An SLO is an objective that is meant to serve as a benchmark performance goal for the development team. By monitoring the status of an SLO, development teams can ensure that their system is operating at a level of reliability that’s acceptable to the business and its customers. SLOs sound very similar to SLAs, except they don’t have any repercussions associated with them; they do not represent an agreement with a paying customer. The objectives are measured through the use of SLIs, and these SLIs provide the basis for indicating whether or not the SLO is being met.

Let’s imagine that an organization sets performance SLOs that read as follows:

99.9% of properly formatted requests must complete successfully over the course of a year.

99.9% of requests must complete in under 300 milliseconds over the course of a year.

So how can these be monitored? Well, with the proper data, a DevOps team can measure the success of their objectives. These data points are the SLIs. In the case of the SLOs displayed above, SLIs would likely include the error rate for requests being made to the service and the length of time each request takes to complete. (Large sets of request times can then be used to evaluate the percentage of requests that take longer than 300 milliseconds to complete.)

These indicators simplify the process for measuring and monitoring the success of the goals set by the SLOs. They help DevOps teams ensure a high level of system reliability for their end users.

SLOs will evolve over time as a system matures. From these refined SLOs, SLAs can be created with promises made to the customer in the event they are not met. For example, an SLA built off of one of the SLOs above may read as follows:

If we don’t meet our promise of successfully completing 99.9% of properly formatted requests, we commit to providing two additional months of service free of charge and promise to address the failure to meet our goal to the best of our ability.

Best Practices for Defining SLAs

Now that we understand the basics behind the creation of SLAs, let’s get into the best practices for developing these agreements.

Don’t Over Promise

In software development, it’s natural to over promise. This is often due to the complex nature of the system being developed—it’s hard to account for every challenge that may (or, more likely, will) arise. The same is true when setting standards for SLAs. You may think to yourself that 99.99% availability over the course of a year is achievable, and it may be. But you’ll likely be better off building in a buffer for the unexpected, and dropping the expectation to 99.95%. The customer will likely be happy with that number and you will have built in a little leeway for uncertainty in the process.

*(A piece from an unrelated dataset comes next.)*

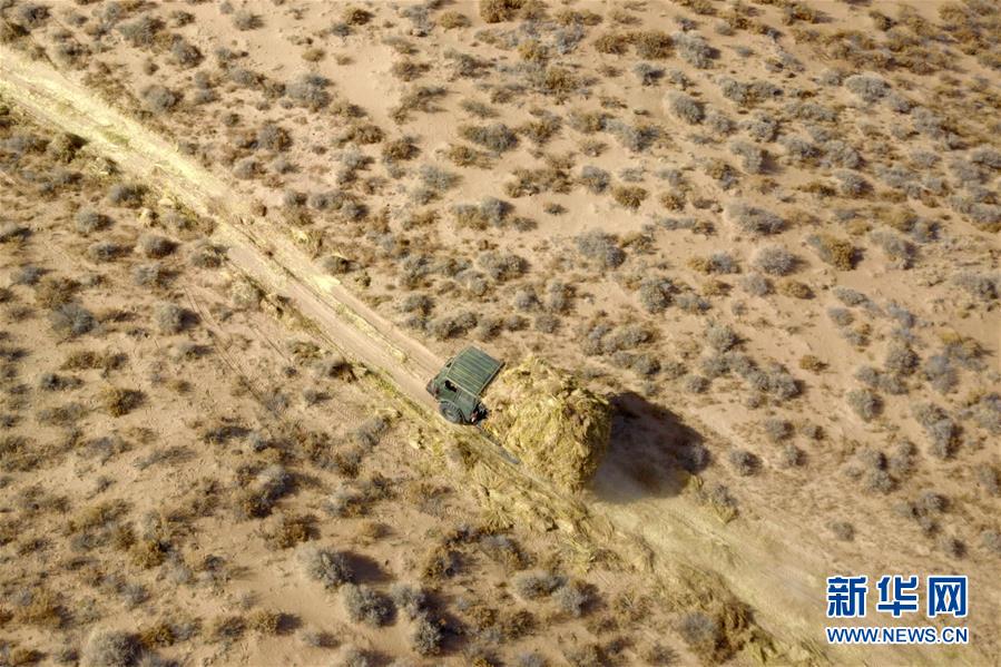 3月6日,在古浪县北部沙区旱麻岗治沙点,卡车转运压沙用的稻草(无人机照片)。 近日,甘肃省武威市古浪县八步沙林场治沙人和当地群众共同在腾格里沙漠南缘开展压沙造林。他们计划2020年春季压沙造林7000亩。 2019年3月,中宣部授予甘肃省武威市古浪县八步沙林场“六老汉”三代人治沙造林先进群体“时代楷模”称号。如今,“六老汉”的子孙们传承老一辈治沙精神,坚守八步沙林场,继续保卫家园斗风沙。 新华社记者 范培珅 摄

Ensure Your Agreements Allow for Innovation

It is also important to ensure that your SLAs allow for innovation. Application changes inherently bring risk along with them. But the solution is not to build a highly reliable service and then never touch it again, just because you are currently meeting your performance and availability goals.

Change and experimentation within your service is necessary to increase value to the end user and to keep a product viable in its marketplace. Instead of avoiding change, the answer is to keep the risks associated with an evolving code base in mind, and to estimate the impact it will have so that it can be accounted for when setting SLAs.

Set Internal SLOs that Outpace Your SLAs

Another good practice to implement when defining SLAs is to set internal SLOs that hold service availability and reliability to a higher standard than your customer-facing SLAs. In doing so, the development team will be driven by a sense of responsibility to maintain system availability or reliability levels as indicated by the internal SLO. Additionally, this objective can be monitored appropriately, providing the DevOps team with advance notice of a potential problem prior to violating the slightly lower level specified in the SLA.

Summary

In short, SLAs, SLOs, and SLIs are created in an effort to make system reliability measurable. This serves to instill a sense of accountability for system stability within the development organization, while also making customers feel more comfortable and confident in the product.

While it is true that higher levels of availability and reliability are better than lower levels, development teams should be realistic in setting availability and performance objectives for their system so as to not over promise or deter innovation.